ADAPT-VQE parallel gradients:

.. code-block:: python

   params, excitations, energies = QCANT.adapt_vqe(
       symbols=symbols,
       geometry=geometry,
       adapt_it=3,
       basis="sto-3g",
       charge=0,
       spin=1,
       active_electrons=5,
       active_orbitals=5,
       device_name="default.qubit",
       parallel_gradients=True,
       parallel_backend="process",   # process | thread | auto
       max_workers=8,
       gradient_chunk_size=2,
   )

qscEOM parallel matrix construction:

.. code-block:: python

   values = QCANT.qscEOM(
       symbols=symbols,
       geometry=geometry,
       active_electrons=6,
       active_orbitals=6,
       charge=0,
       params=params,
       ash_excitation=ash_excitation,
       basis="sto-3g",
       method="pyscf",
       shots=0,
       symmetric=True,
       parallel_matrix=True,
       parallel_backend="process",   # process | thread | auto
       max_workers=8,
       matrix_chunk_size=20,
   )

Backend Selection
-----------------

- ``parallel_backend="process"``: preferred for CPU-bound QNode-heavy workloads.
- ``parallel_backend="thread"``: useful where process creation is restricted.
- ``parallel_backend="auto"``:
  uses process backend on POSIX and thread backend on Windows.

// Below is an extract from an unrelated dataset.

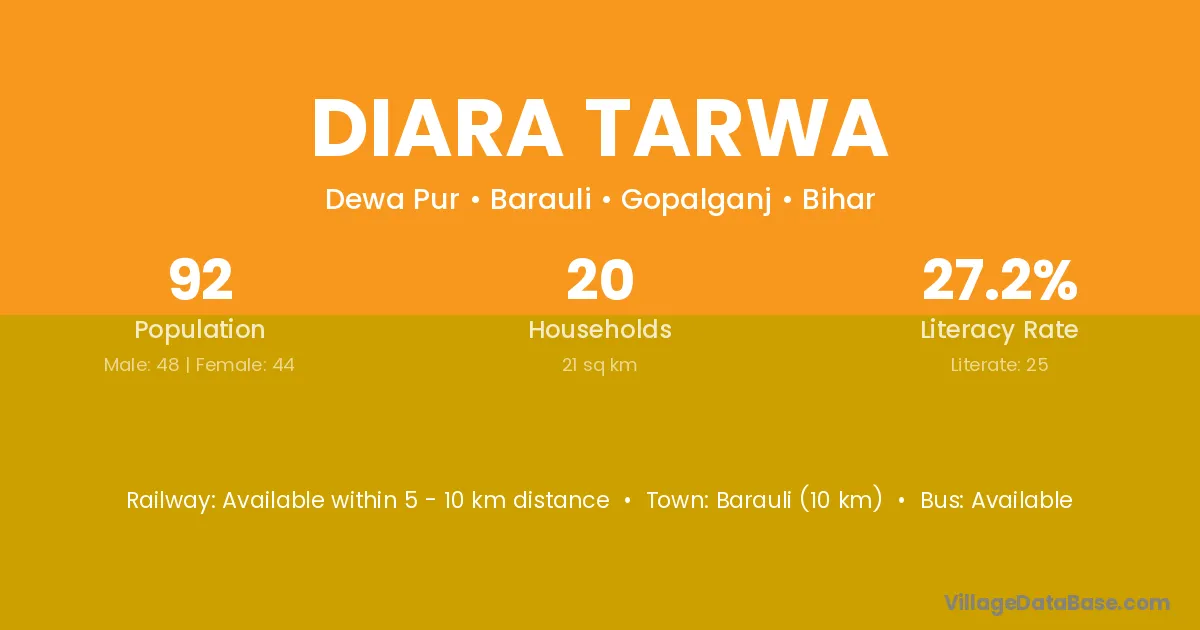 Barauli (10 km) is the nearest town to Diara Tarwa village for major economic activities and is located approximately 10 km away.

If process pools cannot be created (restricted environment), QCANT falls back
to thread backend automatically.

Tuning Parameters
-----------------

- ``max_workers``:
  worker count for the selected backend.
- ``gradient_chunk_size``:
  number of ADAPT candidates per submitted task.
- ``matrix_chunk_size``:
  number of qscEOM matrix entries per submitted task.

Practical defaults:

- Start with ``max_workers`` in ``[2, 4, 8]``.
- For ADAPT gradients, start ``gradient_chunk_size=2``.
- For larger qscEOM matrices, use smaller chunks (for example ``20``) to
  improve load balance.

Benchmarking
------------

QCANT includes a benchmark script:

.. code-block:: bash

   python scripts/benchmark_parallel_adapt_qsceom.py --profile small --repeats 1
   python scripts/benchmark_parallel_adapt_qsceom.py --profile large --repeats 1

Options:

- ``--profile small|large``: workload size.
- ``--workers 1 2 4 8``: worker counts to test.
- ``--repeats N`` and ``--warmup N``: timing controls.
- ``--outdir <path>``: output directory for CSV and plot.

Outputs:

- ``benchmark_parallel_adapt_qsceom.csv``
- ``benchmark_parallel_adapt_qsceom_speedup.png``

Notes
-----

- Results depend on backend/device availability and CPU topology.
- Set BLAS/OpenMP thread limits to avoid oversubscription when benchmarking.
- Expect diminishing returns once synchronization and scheduling overhead
  approaches per-task compute cost.